A friend asked me to look at a non-working Dell XPS 410. They push the power switch and nothing happens. No lights, no sound, no nothing. Opened the case and an amber STDBY LED is illuminated on the motherboard. Tested the power supply using the guidance on this site and everything checks out okay. On test step 3, when I press the pc case Power On switch the voltage does not drop. When I jump Pin 14 (PS_On to GND) the voltage drops to ~0V. At that point the video card fan spins, a hard drive plugged into the Molex connector spins up, the case fan spins and the PSU fan spins. The CPU fan does not spin. That’s all that happens. No POST, no beep codes, nothing else. I’ve reseated all cards and switched memory sticks with each other. Am I correct in assuming it’s either the CPU or motherboard? If so, did I provide enough information for someone to narrow it down to one or the other? Thanks for your help!


----------



## Tyree (May 10, 2009)

Do you have another PSU to try? CPU's rarely go bad. 
Remove all the RAM and hit the power button. If you get a continuous series of beeps the Mobo is probably OK.


----------



## greenbrucelee (Apr 24, 2007)

you have done well in your investigation. Dells are notorious for having failed motherboards and power supplies.

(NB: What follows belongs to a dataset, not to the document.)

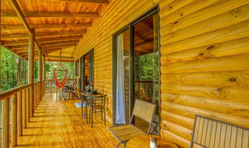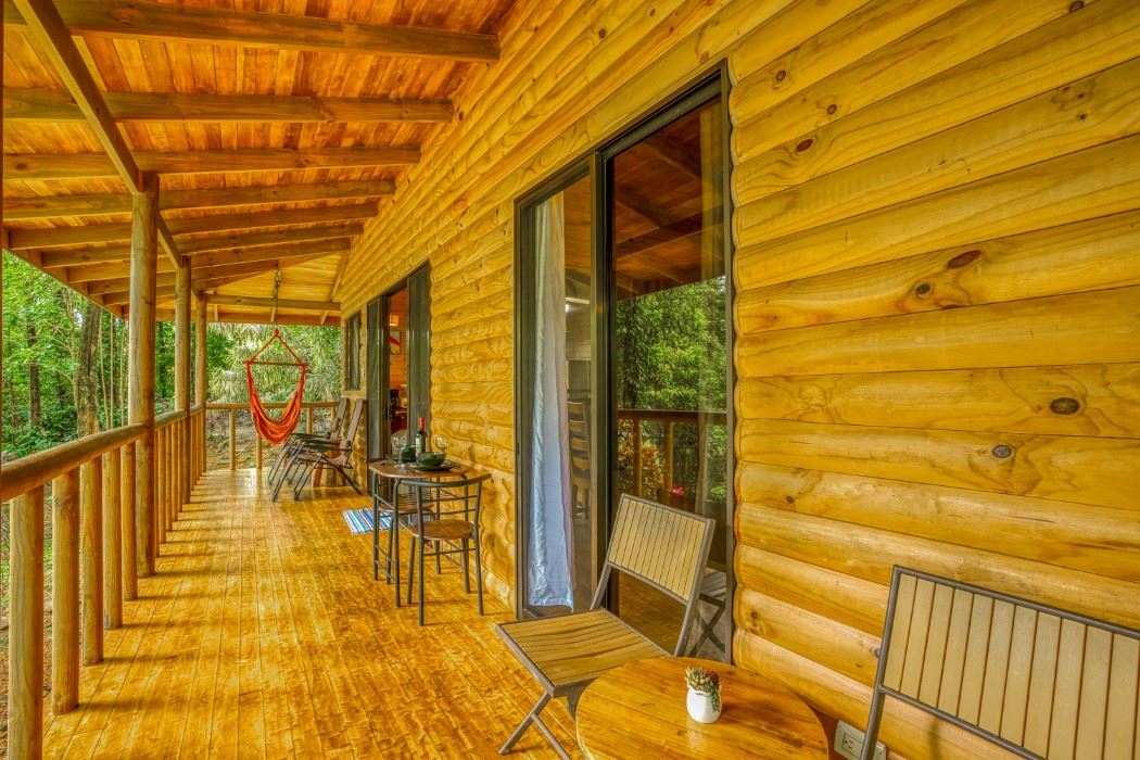 CABIN A short stroll along the lush pathway brings you to the 1-bedroom cabin, a timber masterpiece! Every piece of this structure is made of timber – from the veranda floorboards to the walls, doors, bed-frames and ceilings. Beautiful timber cabinets, tables and furniture add to the feelings of warmth and relaxation. The floor space is split between a large kitchen / dining / living area and a single bedroom. A bathroom with a shower sits at the far end of the cabin, a separate space under the same roof. 360-degree wrap-around veranda, under the overhanging timber roof, reminds of the long-gone old-world charm.

What I would suggest now if you can is to put the cpu and its fan in another system (remember to clean of the thermal paste and reapply new paste and try it). CPUs rarely fail but it can happen but in all honesty I would say that the motherboard is on its way out.

check the motherboard for leaking, bulgin or damaged capacitors if any are then its definetley the mobo.

Also try another PSU to eliminate it.


----------



## Wrench97 (May 10, 2008)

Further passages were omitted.